To the Editor: A 1.5 y, previously well, male child presented to us with recurrent vomiting and generalized tonic-clonic seizures (GTCS) since 30 min. On admission, the child was afebrile but drowsy (GCS- 10/15). Vital parameters and systemic examination was normal with no focal neurological signs. The child had a repeat convulsion aborted with injection lorazepam followed by phenobarbital loading. Investigations including blood glucose (70 mg %), electrolytes (Na+ 136 meq/L, K + − 3.5 meq/L), ionized calcium- 1.08 mmol/L, cerebrospinal fluid examination (acellular, protein-32 mg %, glucose – 56 mg%, culture- sterile), computed tomography of head and electroencephalogram were normal. The child had a characteristic aromatic odor from breath and vomitus. On questioning about odor, mother revealed that the child had consumed about two teaspoons of oil used for joint pains about 1 h before. The oil bottle showed camphor as a constituent though concentration remained unmentioned. The child made a complete neurological recovery in 24 h and was discharged on day 3. On follow up at 4 and 12 wk, the child was seizure free.

Camphor is a common household product which can cause seizures in children following ingestion, inhalation and dermal exposure [1]. Although, the exact mechanism of camphor induced seizures is unknown, it is believed to be at neuronal level upon the oxidation cycle of the cytochrome oxidase system leading to rapid oxidation and depletion of high energy phosphorous compounds [2]. GTCS are usually the first sign of neurotoxicity [3]. Treatment is supportive with emphasis on airway management and control of seizures. Induction of emesis or gastric lavage are not recommended as camphor is rapidly absorbed [3].

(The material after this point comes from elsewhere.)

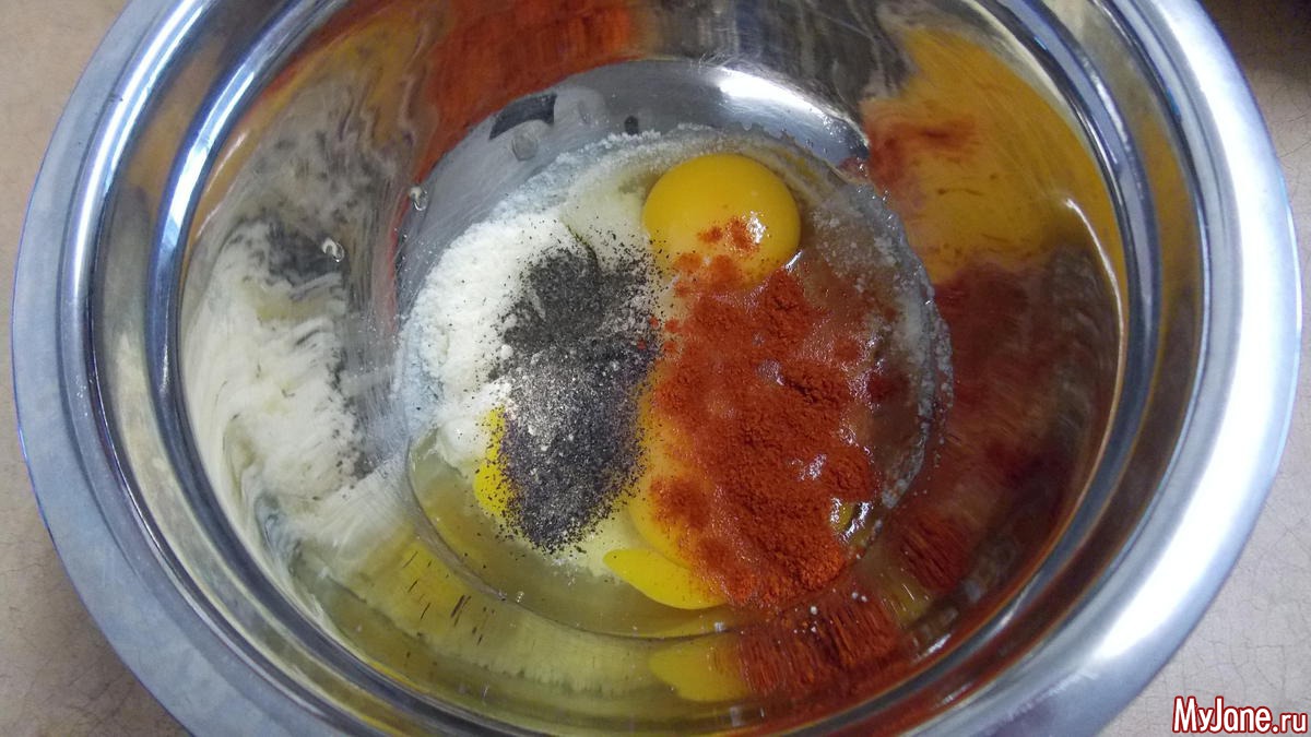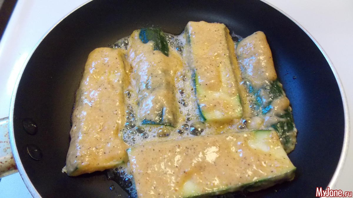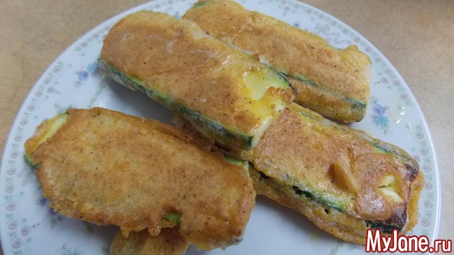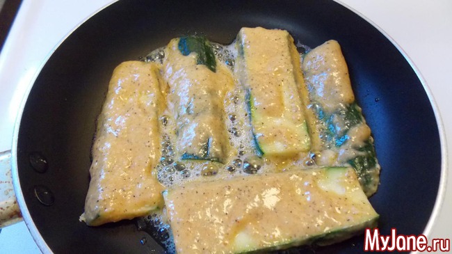 озваляем в кляре и на сковородку на средне-маленький огонь пожарим с двух сторон до золотистой корочки

Our case highlights two important facts. Firstly, camphor toxicity remains an important but under recognized cause of seizure among children. U.S FDA has restricted camphor content in medicinal products to <11 % [4]. However, in India, camphor products continue to be sold over the counter without labeling its concentration or caution regarding its potential harm. Such practices should be strongly discouraged by community education and appropriate legislation. Secondly, all health care providers should be made aware about camphor toxicity when evaluating seizures in a child with no other risk factors.